The recent Bitcoin rally came to an abrupt halt on Wednesday as the cryptocurrency’s price began to drop on rumours of new regulation.
The cryptocurrency’s price reached US$16,285 around 12:30 p.m. on Nov. 26, a sharp dip from the US$19,374 it was sitting at around 9:00 a.m. the day before, according to CoinDesk. (All following amounts are also in U.S. dollars).
This followed a low of just under $5,000 in mid-March, and Bitcoin last hit an all-time high in December 2017 when the price reached $19,783.
The recent sell-off was triggered by a tweet from Brian Armstrong, CEO of Coinbase, a San Francisco-based cryptoexchange.

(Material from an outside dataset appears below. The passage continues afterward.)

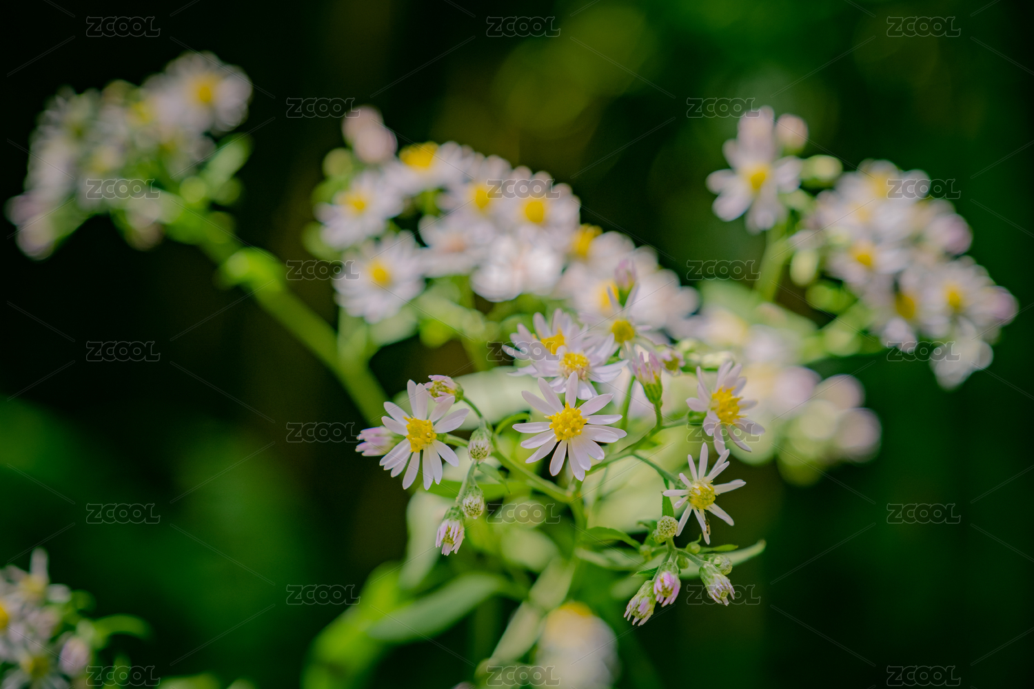 一朵白色小碎花、苦菜花,绿色虚化背景

The tweet concerned rumours that Washington was planning new regulation around digital wallets — a software system used to store cryptoassets such as Bitcoin.
“We all know that Brian is exceedingly well plugged-in,” says Fred Pye, president and CEO of Toronto-based 3iQ Corp., which manages The Bitcoin Fund. “So, that was enough to pull back the price of Bitcoin in the short term.”
Yet, Pye notes that such a drop should also be seen as part of the natural investment cycle of any asset class.
“I think people have to expect [that] when any asset class runs up as strong as bitcoin has run up in the last three months it’s natural for a consolidation, a pullback,” says Pye. “It’s a perfectly normal retrace.”
Pye expects the price of Bitcoin to continue to move between $16,000 and $20,000 for the next couple of months, before starting to climb to its next plateau.
“Next stop is 50 [thousand] probably,” says Pye.